- Born: Germany
- Education: Medical University of Hamburg (MD, PhD)
- Occupations: Physician, oncologist, scientist
- Known for: Stem cell transplantations and cellular immunotherapies
- Spouse: Sissy DeMaria-Koehne
- Medical career
- Institutions: Baptist Health South Florida; Miami Cancer Institute (Deputy Director); Memorial Sloan Kettering Cancer Center (former); Weill Cornell Medical College (former Associate Professor); Florida International University (Chairman, Department of Translational Medicine);
- Sub-specialties: Hematologic oncology; Bone marrow transplantation; Multiple myeloma; Leukemia; Lymphoma;
- Research: Stem cell transplantation; Cellular immunotherapy; Hematologic malignancies;

= Guenther Koehne =

American oncologist and scientist

Guenther Koehne is an American physician, oncologist, and scientist focused on stem cell transplantations and cellular immunotherapies.

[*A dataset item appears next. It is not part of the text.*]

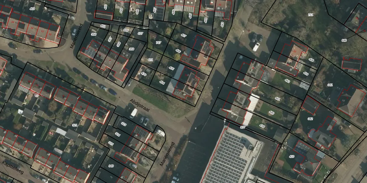 Het perceel waarop Mariënweerd 13 staat heeft een oppervlakte van 260 m². Dit is een middelgroot perceel. De perceeloppervlakte wordt geregistreerd door het Kadaster. Gedetailleerde informatie over de maten van dit perceel kunt u vinden in het rapport Kadastrale kaart met maatvoering van Mariënweerd 13.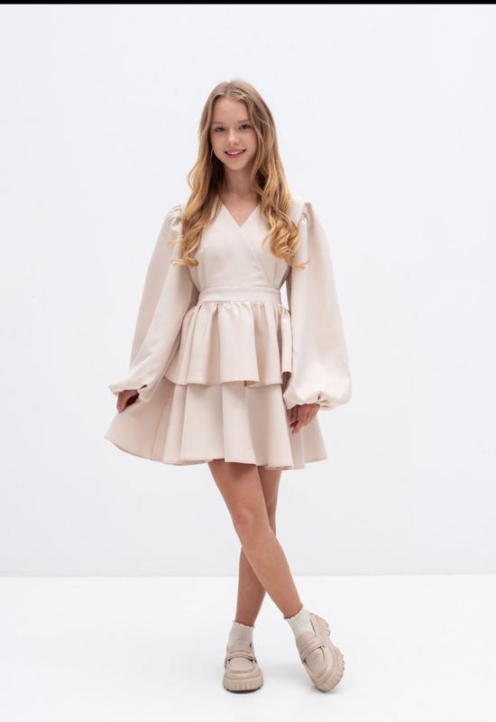 через кнопку купити тільки повна оплата!!! Сукня на запах Пояс пришитий до сукні, зав'язується позаду. Тканина - костюмна. Колір - карамель. Заміри: 140 довжина - 68см, напівобхват грудей - 37см, рукав від плеча - 55см. 146 довжина - 72см, напівобхват грудей - 39см, рукав від плеча - 57см. 152 довжина - 77см, напівобхват грудей - 43см, рукав від плеча - 60см. 158 довжина - 80см, напівобхват грудей - 44см, рукав від плеча - 64см. Мс

Koehne is affiliated with Baptist Health South Florida and serves as deputy director of the Miami Cancer Institute, where he founded the Global Summit on Immunotherapies for Hematologic Malignancies. He is an expert on diseases like multiple myeloma, leukemia, and lymphoma.

== Career ==
Koehne completed his research fellowship in immunology and fellowship in medical oncology and hematology at Memorial Sloan Kettering Cancer Center. He specialized in adult bone marrow transplantation at Sloan Kettering and was an associate professor of medicine at Weill Cornell Medical College.

In 2017, Koehne joined the Miami Cancer Institute at Baptist Health South Florida, where he established the hematologic cancer program. Koehne was also named Chief of Blood and Marrow Transplantation and Hematologic Oncology at Baptist Health. He became deputy director of the Miami Cancer Institute in 2019. That same year, Koehne founded the Global Summit on Immunotherapies for Hematologic Malignancies, which brings leading cancer physicians and researchers to South Florida every year.

In 2020, Koehne became chairman of the Department of Translational Medicine at Florida International University’s Herbert Wertheim College of Medicine.

Koehne has authored or co-authored dozens of research papers on cancer treatment, in addition to leading novel clinical trials. He has also chaired the Leukemia and Lymphoma Society’s Light the Night Campaign, a national fundraising event to end cancer.

== Personal life ==
Koehne was born and raised in Germany, where he received his medical degree and PhD from the Medical University of Hamburg. Koehne is married to marketing executive Sissy DeMaria-Koehne. The couple have residences in Coral Gables, Vero Beach, and New York City.